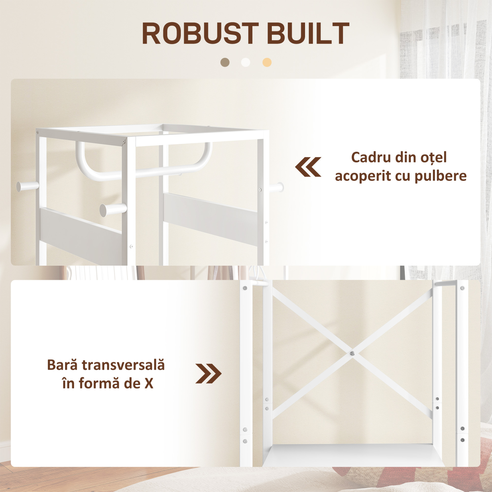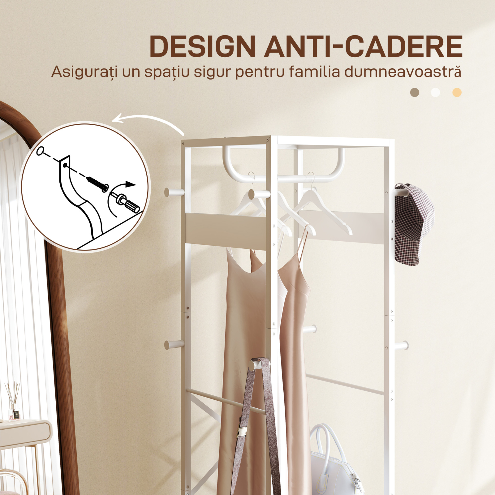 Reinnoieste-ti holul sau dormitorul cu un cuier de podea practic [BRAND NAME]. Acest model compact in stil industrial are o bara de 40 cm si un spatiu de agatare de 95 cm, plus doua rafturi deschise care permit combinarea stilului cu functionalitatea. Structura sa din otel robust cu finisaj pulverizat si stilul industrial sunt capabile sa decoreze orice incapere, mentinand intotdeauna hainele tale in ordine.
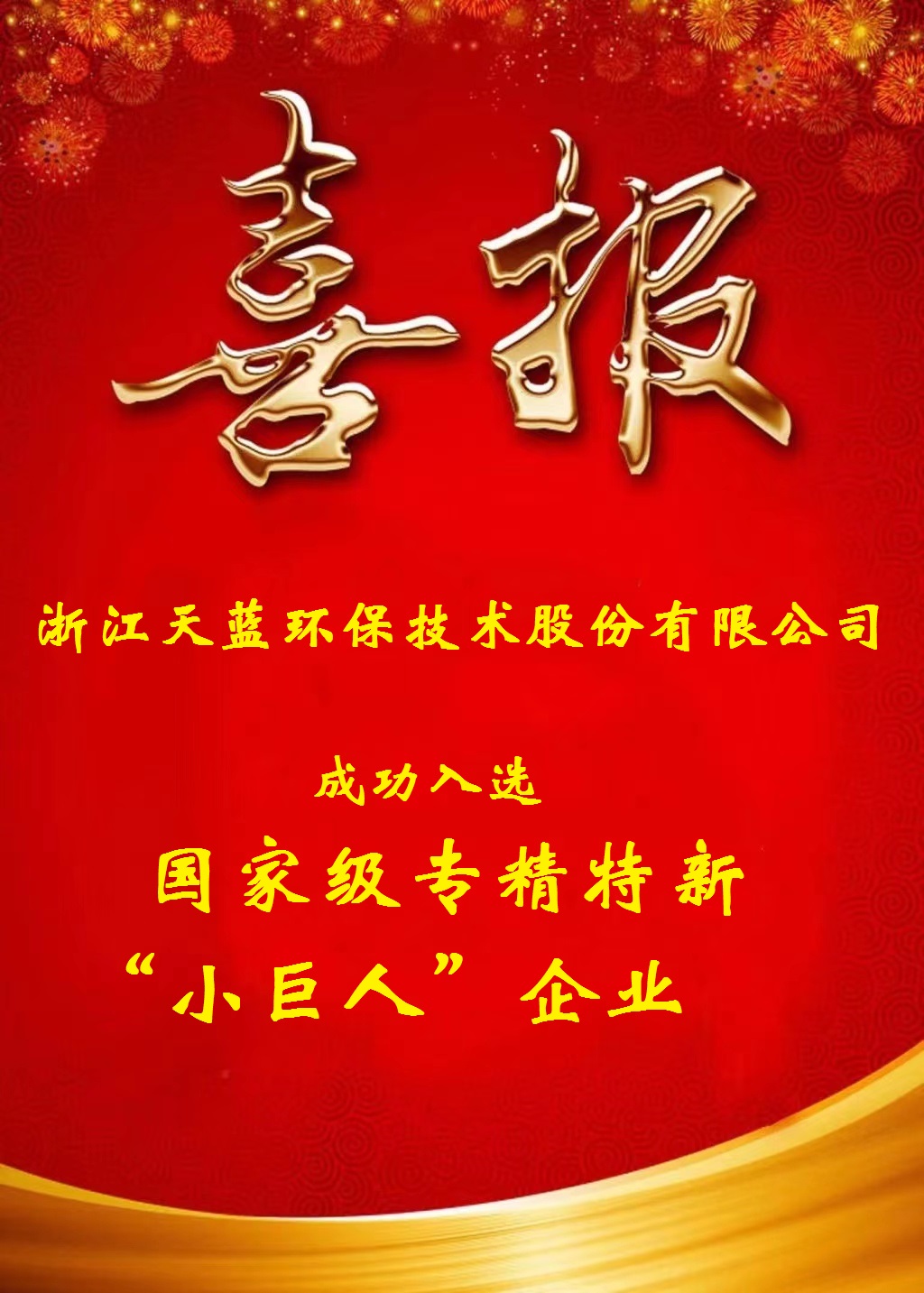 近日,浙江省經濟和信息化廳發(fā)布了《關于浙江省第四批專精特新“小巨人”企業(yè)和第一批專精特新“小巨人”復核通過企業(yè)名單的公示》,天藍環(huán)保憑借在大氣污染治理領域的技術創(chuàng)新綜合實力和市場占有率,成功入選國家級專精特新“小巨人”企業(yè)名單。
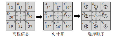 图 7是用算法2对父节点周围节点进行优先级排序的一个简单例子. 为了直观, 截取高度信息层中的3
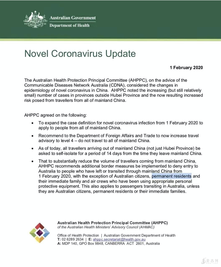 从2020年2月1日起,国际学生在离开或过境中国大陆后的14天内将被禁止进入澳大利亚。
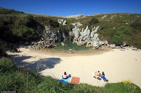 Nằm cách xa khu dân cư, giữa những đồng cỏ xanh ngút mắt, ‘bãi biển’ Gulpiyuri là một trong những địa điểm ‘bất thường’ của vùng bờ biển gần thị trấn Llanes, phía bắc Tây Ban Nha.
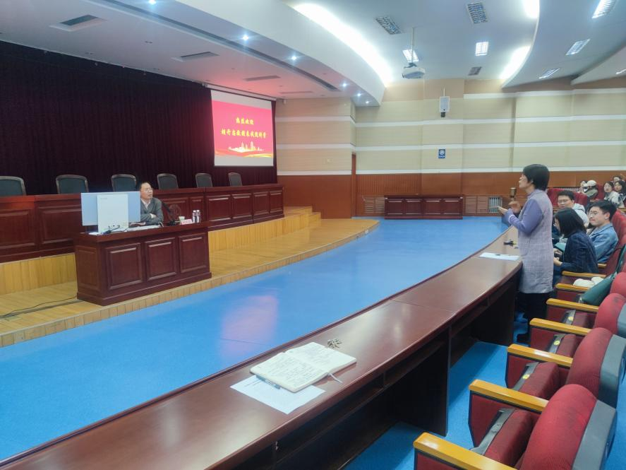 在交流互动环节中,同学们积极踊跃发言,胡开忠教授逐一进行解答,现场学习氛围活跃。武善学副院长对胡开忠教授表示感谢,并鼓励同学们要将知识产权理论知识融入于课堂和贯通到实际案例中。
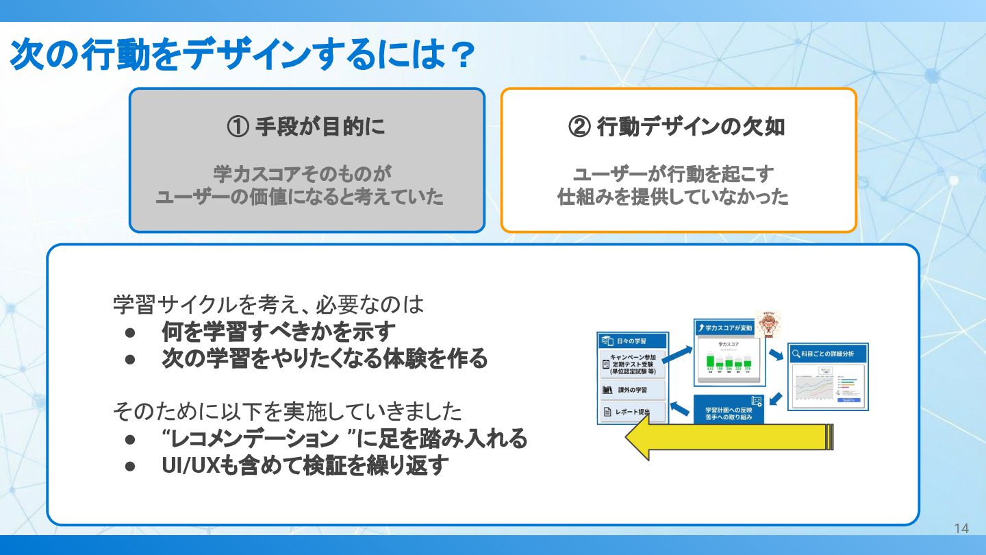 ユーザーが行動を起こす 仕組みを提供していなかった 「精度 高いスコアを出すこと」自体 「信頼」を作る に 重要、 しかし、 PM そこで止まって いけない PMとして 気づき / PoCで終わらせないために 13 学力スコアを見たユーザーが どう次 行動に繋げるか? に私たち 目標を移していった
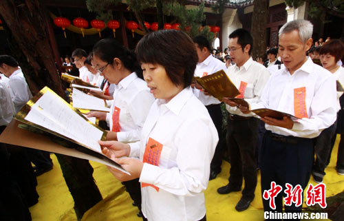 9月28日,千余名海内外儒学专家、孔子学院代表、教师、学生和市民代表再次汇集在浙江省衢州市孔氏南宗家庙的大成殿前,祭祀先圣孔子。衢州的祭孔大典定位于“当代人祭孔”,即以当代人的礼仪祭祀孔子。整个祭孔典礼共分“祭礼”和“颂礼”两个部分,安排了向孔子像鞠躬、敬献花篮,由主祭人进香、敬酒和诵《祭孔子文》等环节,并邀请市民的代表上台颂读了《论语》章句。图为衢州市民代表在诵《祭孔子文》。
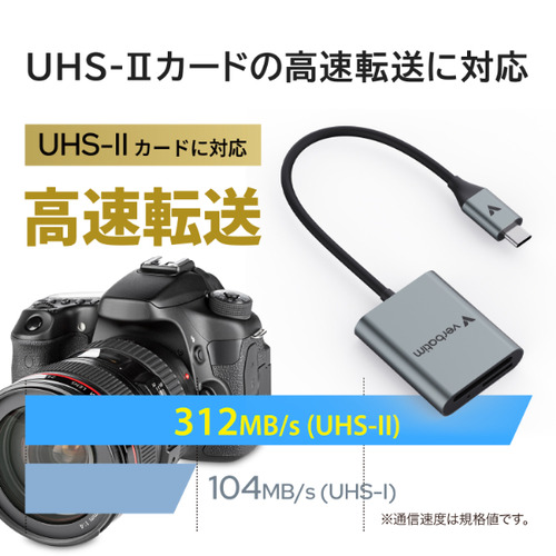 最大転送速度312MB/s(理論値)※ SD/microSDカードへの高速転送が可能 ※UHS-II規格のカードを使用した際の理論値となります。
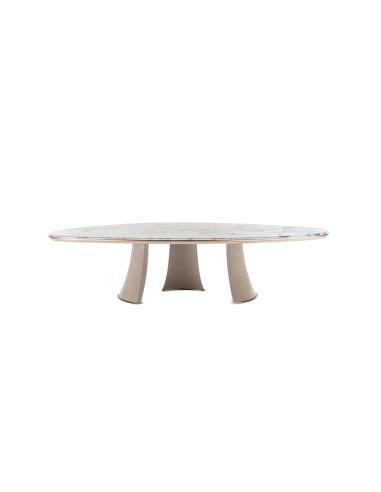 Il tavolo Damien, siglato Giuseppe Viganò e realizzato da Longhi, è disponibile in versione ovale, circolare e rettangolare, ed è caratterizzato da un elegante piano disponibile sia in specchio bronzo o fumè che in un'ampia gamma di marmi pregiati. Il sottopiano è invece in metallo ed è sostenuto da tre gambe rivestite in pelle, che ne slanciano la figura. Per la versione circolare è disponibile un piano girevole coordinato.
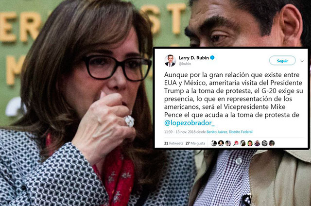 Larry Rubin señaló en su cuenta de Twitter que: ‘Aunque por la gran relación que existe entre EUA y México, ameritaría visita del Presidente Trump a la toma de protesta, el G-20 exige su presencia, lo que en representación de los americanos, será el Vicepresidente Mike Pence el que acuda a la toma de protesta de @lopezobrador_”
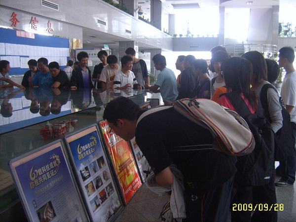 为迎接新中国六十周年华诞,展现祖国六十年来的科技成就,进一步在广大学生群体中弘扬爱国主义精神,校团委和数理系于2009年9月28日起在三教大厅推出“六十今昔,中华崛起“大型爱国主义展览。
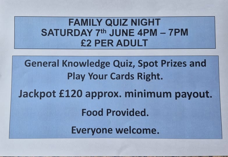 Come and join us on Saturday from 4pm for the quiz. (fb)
========================
Drop the images, then copy the data exactly.

 Reinnoieste-ti holul sau dormitorul cu un cuier de podea practic [BRAND NAME]. Acest model compact in stil industrial are o bara de 40 cm si un spatiu de agatare de 95 cm, plus doua rafturi deschise care permit combinarea stilului cu functionalitatea. Structura sa din otel robust cu finisaj pulverizat si stilul industrial sunt capabile sa decoreze orice incapere, mentinand intotdeauna hainele tale in ordine.
 近日,浙江省經濟和信息化廳發(fā)布了《關于浙江省第四批專精特新“小巨人”企業(yè)和第一批專精特新“小巨人”復核通過企業(yè)名單的公示》,天藍環(huán)保憑借在大氣污染治理領域的技術創(chuàng)新綜合實力和市場占有率,成功入選國家級專精特新“小巨人”企業(yè)名單。
 图 7是用算法2对父节点周围节点进行优先级排序的一个简单例子. 为了直观, 截取高度信息层中的3
 从2020年2月1日起,国际学生在离开或过境中国大陆后的14天内将被禁止进入澳大利亚。
 Nằm cách xa khu dân cư, giữa những đồng cỏ xanh ngút mắt, ‘bãi biển’ Gulpiyuri là một trong những địa điểm ‘bất thường’ của vùng bờ biển gần thị trấn Llanes, phía bắc Tây Ban Nha.
 在交流互动环节中,同学们积极踊跃发言,胡开忠教授逐一进行解答,现场学习氛围活跃。武善学副院长对胡开忠教授表示感谢,并鼓励同学们要将知识产权理论知识融入于课堂和贯通到实际案例中。
 ユーザーが行動を起こす 仕組みを提供していなかった 「精度 高いスコアを出すこと」自体 「信頼」を作る に 重要、 しかし、 PM そこで止まって いけない PMとして 気づき / PoCで終わらせないために 13 学力スコアを見たユーザーが どう次 行動に繋げるか? に私たち 目標を移していった
 9月28日,千余名海内外儒学专家、孔子学院代表、教师、学生和市民代表再次汇集在浙江省衢州市孔氏南宗家庙的大成殿前,祭祀先圣孔子。衢州的祭孔大典定位于“当代人祭孔”,即以当代人的礼仪祭祀孔子。整个祭孔典礼共分“祭礼”和“颂礼”两个部分,安排了向孔子像鞠躬、敬献花篮,由主祭人进香、敬酒和诵《祭孔子文》等环节,并邀请市民的代表上台颂读了《论语》章句。图为衢州市民代表在诵《祭孔子文》。
 最大転送速度312MB/s(理論値)※ SD/microSDカードへの高速転送が可能 ※UHS-II規格のカードを使用した際の理論値となります。
 Il tavolo Damien, siglato Giuseppe Viganò e realizzato da Longhi, è disponibile in versione ovale, circolare e rettangolare, ed è caratterizzato da un elegante piano disponibile sia in specchio bronzo o fumè che in un'ampia gamma di marmi pregiati. Il sottopiano è invece in metallo ed è sostenuto da tre gambe rivestite in pelle, che ne slanciano la figura. Per la versione circolare è disponibile un piano girevole coordinato.
 Larry Rubin señaló en su cuenta de Twitter que: ‘Aunque por la gran relación que existe entre EUA y México, ameritaría visita del Presidente Trump a la toma de protesta, el G-20 exige su presencia, lo que en representación de los americanos, será el Vicepresidente Mike Pence el que acuda a la toma de protesta de @lopezobrador_”
 为迎接新中国六十周年华诞,展现祖国六十年来的科技成就,进一步在广大学生群体中弘扬爱国主义精神,校团委和数理系于2009年9月28日起在三教大厅推出“六十今昔,中华崛起“大型爱国主义展览。
 Come and join us on Saturday from 4pm for the quiz. (fb)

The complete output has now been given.